Sexta-feira, 27 de Maio de 2011

CARA DE BONECA

Jan Bollaert

 

Quando ela entrou para o comboio, já vinha com cara de boneca. Rosto quadrado, lábios quase sintéticos, olhos escuros, meio encobertos pela franja perfeita de um cabelo que parecia peruca. O único movimento que traía a sua fisionomia de brinquedo era o contínuo mascar de uma pastilha, que resistia apesar de sucessivamente esmoída pelos movimentos basculantes do maxilar inferior.

Encostou-se junto à porta, na posição de máxima interferência com a saída e entrada de passageiros, e iniciou o processo. Qual processo? O de se embonecar ainda mais. Tirou da bolsa um estojinho, abriu-o e, com um pompom, aplicou um pó qualquer sobre o rosto. Fê-lo com movimentos precisos, conduzindo com destreza a almofada pelos contornos faciais, várias vezes sobre cada ponto, até dar-se por satisfeita.

Mas o serviço não estava completo, longe disso. O estojo voltou para dentro da mala e, em troca, surgiu o pincel - não um qualquer, mas um desses de cabeça larga e pelagem fofa, bom para tortura nos pés. Com a mesma habilidade, a rapariga valeu-se do utensílio, em garbosas pinceladas nos cantos essenciais da face.

Eu, sentado a meio da carruagem, na minha posição de moribundo matinal, já começava a quedar hipnotizado pela cena. E mais ainda fiquei quando o pincel foi fazer companhia ao estojinho e da bolsa emergiu uma espécie de caneta grossa, como um bastão de cola. Não colava, mas preenchia. O quê, não me perguntem, pois a pele da miúda, congruente com a sua idade, ainda estava despida dos vales epidérmicos da progressão etária. Mas ela lá sabia, e entreteve-se durante alguns minutos a retocar alguns pontos invisíveis de imperfeição. O que ela fazia com aplicações leves e cirúrgicas, eu não conseguiria nem com duas demãos de massa de pedreiro.

O comboio já ia a meio do caminho, com mais passageiros em pé do que sentados, incluindo o meu objecto de estudo naquele dia. Cogitei onde ela trabalharia, para ser precisa tanta maquilhagem. Intrigava-me também como o constante esforço na mastigação da pastilha não comprometia o revestimento facial recém-aposto.

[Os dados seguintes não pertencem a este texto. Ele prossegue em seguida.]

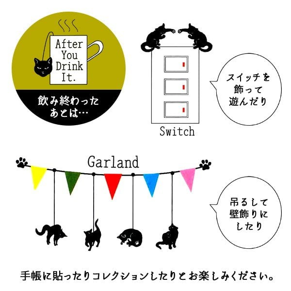 6つのポーズのねこがタグになっており、ねこちゃんが遊んだり、座ったり、のびをしたりと、かわいい姿に癒されること間違いなし♪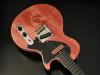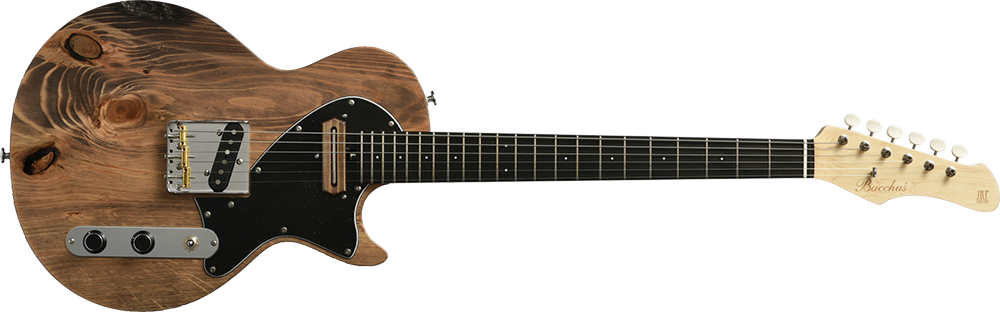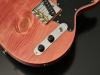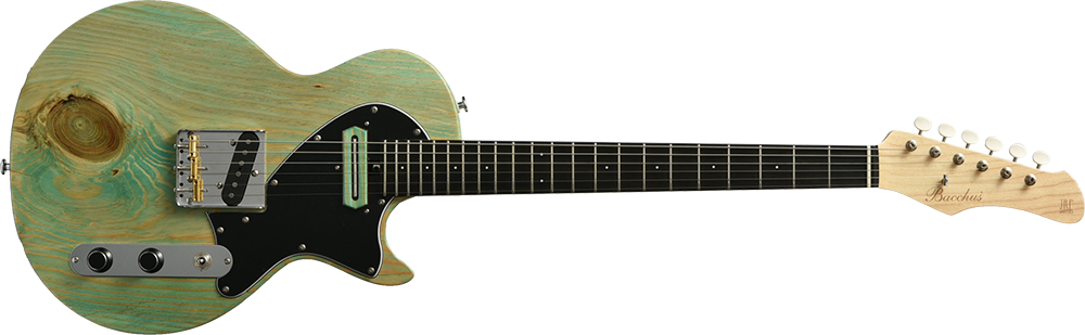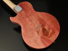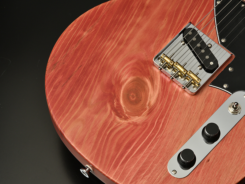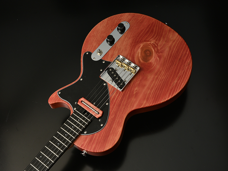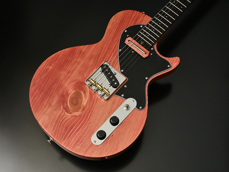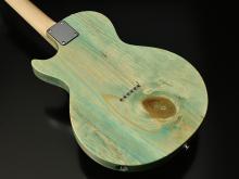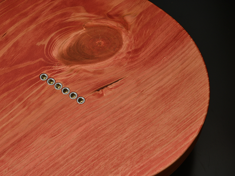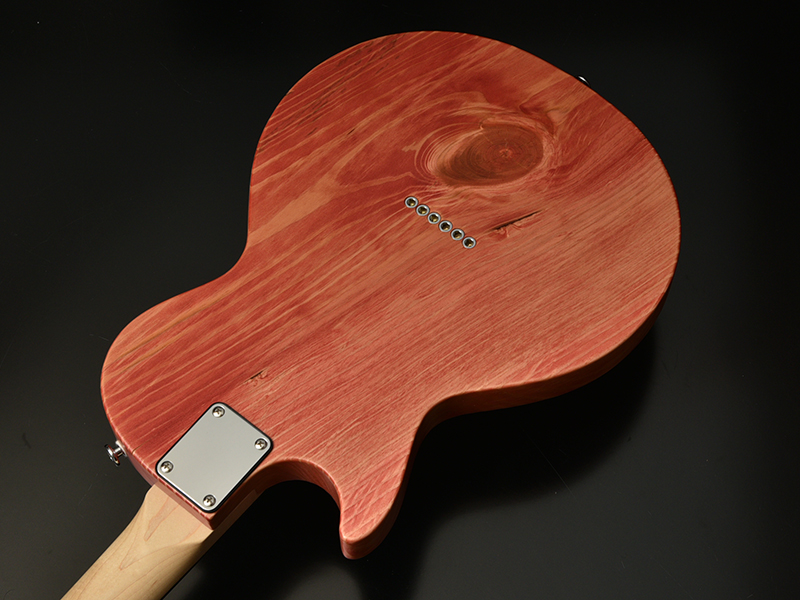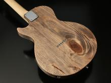 ボディの表から側面にかけて貫通する虫食いの穴、枝や根になろうとした形跡である節、局所的に変色したシミ、一般的なギター作りで嫌われる場所を全て含んだこの木材の個性を受け入れ、あえてその特徴を強調してこのギターのオリジナリティとして捉えてもらえるように様々な工夫を凝らしました。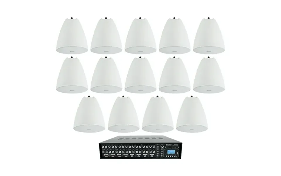 Package includes: 1 rockville rock matrix 4 zone 70 volt commercial amplifier matrix source routing 14 rockville pen-65t white 6.5 70V hanging pendant speaker commercial restaurant description of rock matrix 4: multi source multi zone matrix routing the rock matrix 4 is a 4 zone commercial amplifier that allows you to route any source to a specific zone s and also route any microphone input to a specific zone s . Features of rock matrix 4: rockville rock matrix 4 zone 70 volt commercial amplifier 440 watts total rms less than 1 % thd 110 watts rms per zone x 4 zones route any sources to any zones 4 separate zone output and you can route any source to any zone and also route a microphone input to specific zone s supports multi zone installations using 70 volt 100 volt 16 ohm 8 ohm and 4 ohm speaker set ups 4 line mic inputs 2 of the mic inputs have selectable phantom power for condenser mics 19 rack mountable removable rack brackets built in 1w monitor speaker allows you to listen to playback on any zone 100 volt rms power: 4 x 110 watts rms 70 volt rms power: 4 x 110 watts rms 4 ohm rms power: 4 x 110 watts rms 8 ohm rms power: 4 x 110 watts rms 16 ohm rms power: 4 x 110 watts rms built in bluetooth 5.0 Chip allows audio streaming with matrix assigning to any zone s usb input to play audio stored on a thumb drive with matrix assigning to any zone s 32gb max sd card slot to play music stored on an sd card with matrix assigning to any zone s 32gb max separate volume control...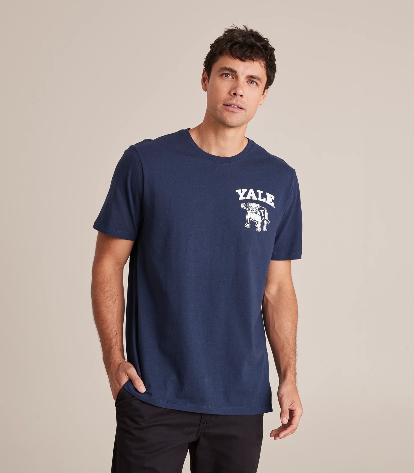 The navy blue Yale University licensed printed t-shirt features a bold chest print. It's made from soft, breathable cotton, has a comfy crew neckline and short sleeves and perfect for fans of the university.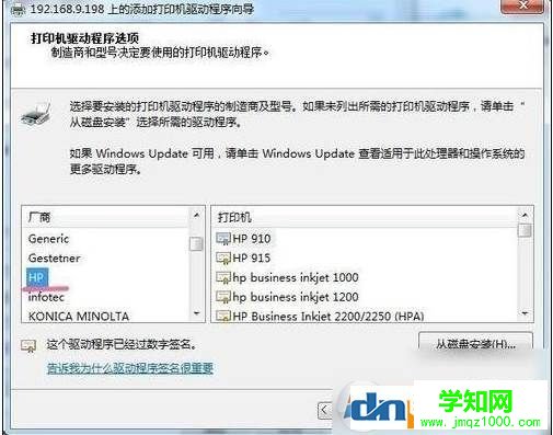 在這里選擇HP,然后在右側找到你要安裝的型號;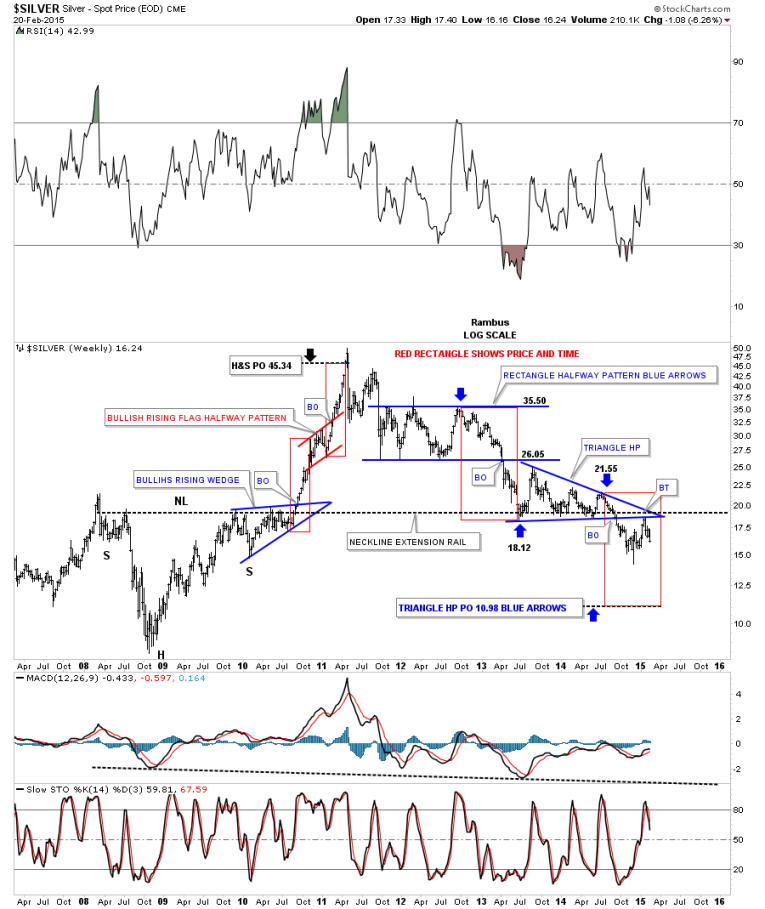 Lets now take a weekly look at silver again this time going back to 2007 which shows a H&S consolidation pattern similar to the one gold formed back then which launched its final parabolic run. On the left hand side of the chart you can see the H&S bottom with the right shoulder being the blue bullish rising wedge. The H&S called for a price objective up to the 45.34 area which coincides pretty close to the red rectangles price and time objectives with the red bullish rising flag forming at the halfway point. You may have noticed that once these time and price rectangle patterns complete there is usually a big trend reversal that takes place. This is a very important clue to know in advance as we should be able take advantage of the situation as we see the price entering into the price objective. Silver has been leading to the downside as it broke out of its blue triangle halfway pattern last September and had a backtest move that ended about 5 weeks ago. It will be interesting to see how this one plays out as it is so far ahead of gold and the PM stocks.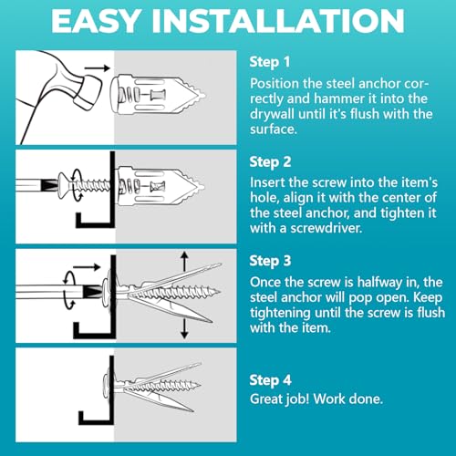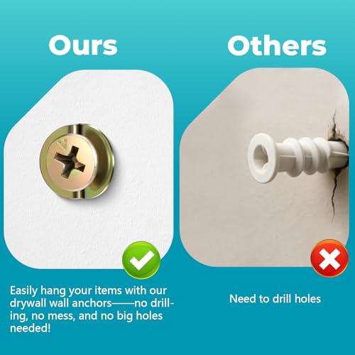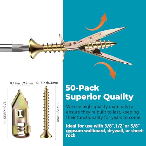 - Self-Drilling Anchor Screws: Each metal expansion screw kit supports up to 66 lbs of weight and is suitable for drywall thicknesses of 3/8 inch, 1/2 inch, and 5/8 inch. Ideal for hanging lightweight and medium-weight household items such as pictures, frames, wall lamps, curtains, plants, and cabinets.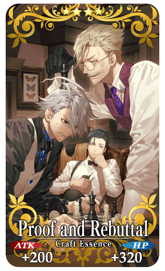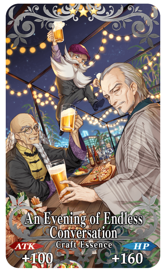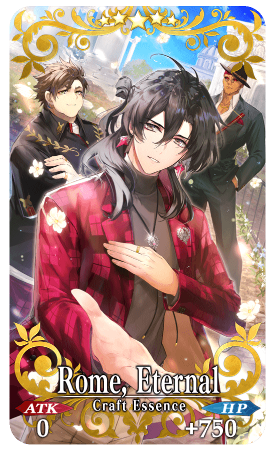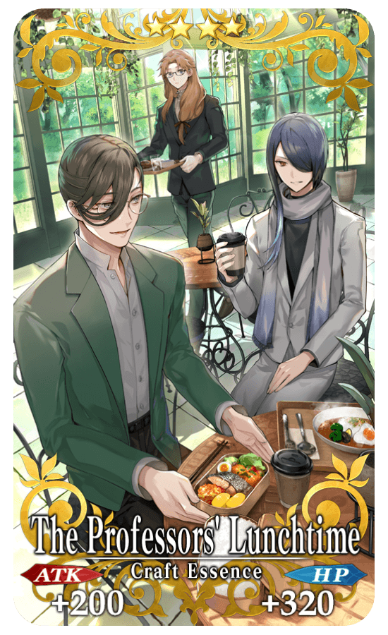 About Featured Craft Essences: * The following are the only Limited Time Craft Essence(s) available from this Pickup Summon. Please note that no other Limited Time Craft Essences will be available. - ★5 (SSR) Three in the Black - ★5 (SSR) Rome, Eternal - ★4 (SR) Proof and Rebuttal - ★4 (SR) The Professors' Lunchtime - ★4 (SR) Brilliant Spring Sunshine - ★3 (R) For Your Letters - ★3 (R) All the Way Burn - ★3 (R) An Evening of Endless Conversation - ★3 (R) Light Inside Night's Curtain * The following Craft Essence(s) will also be available from Friend Point Summon for the duration of the Pickup Summon period. In addition, the Craft Essence(s) will be automatically burned if you have ★3 (R) Craft Essences included in your Automatic Burning settings. Please check your settings before summoning. - ★3 (R) For Your Letters - ★3 (R) All the Way Burn - ★3 (R) An Evening of Endless Conversation - ★3 (R) Light Inside Night's Curtain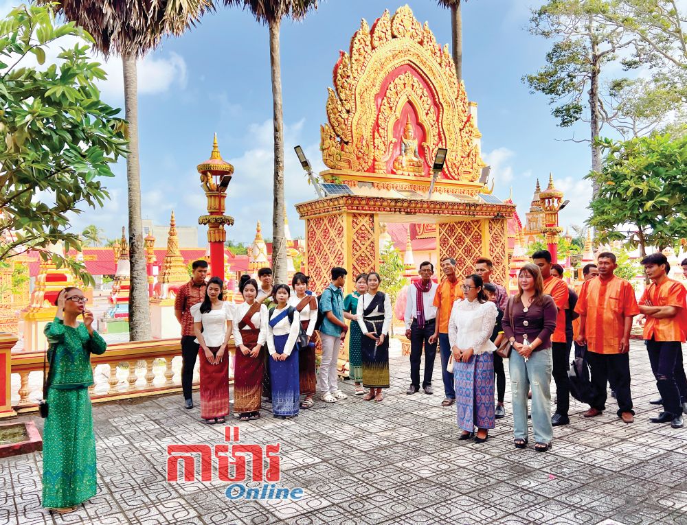 សិក្ខាកាមវគ្គបំប៉នចំណេះដឹងវប្បធម៌ទេសចរណ៍ និងសិល្បៈ Khmer អនុវត្តជាក់ស្តែងនូវបំណិនឧទ្ទេសនាមនៅវត្តគម្ភីរសាគរ ព្រែកជ្រៅ (Xiêm Cán) នៅសង្កាត់ Hiệp Thành។

Mas a rapariga não dava tréguas para reflexão profunda. Era um produto atrás do outro que saía daquela mala. Depois da caneta grossa, veio outra, fininha, para o contorno dos olhos. A seguir, um lápis para o lado externo da pálpebra. Depois, outro para a borda interna da mesma. Uma escovinha de pentear as sobrancelhas. Outra para os cílios. Uma coisa qualquer para a testa. Batom. Brilho. Reforço. Lustro.

Quando eu julgava esgotadas todas as possibilidades, ela avançou para o cabelo. Uma escova para alongar, outra diferente para enrolar a franja. Um espelho para os retoques finais. À chegada do comboio ao Cais do Sodré, estava no spray, aplicado sobre a sua arquitectura capilar e o ombro do passageiro ao lado. Desceu na estação terminal com mais cara de boneca do que quando entrara e deu com uma amiga, que também vinha no mesmo comboio.

- Olá, estás boa? - disse e cumprimentou-a com um beijinho, daqueles em que apenas as bochechas se tocam. Temi que as duas ficassem para sempre com a cara colada. Mas não, havia muita ciência naquela maquilhagem.

 

Nota - “Cara de boneca” por Ricardo Garcia com a prestimosa ajuda do António a propósito do texto aqui publicado “Batom-Cola” no dia 18 de Julho de 2010.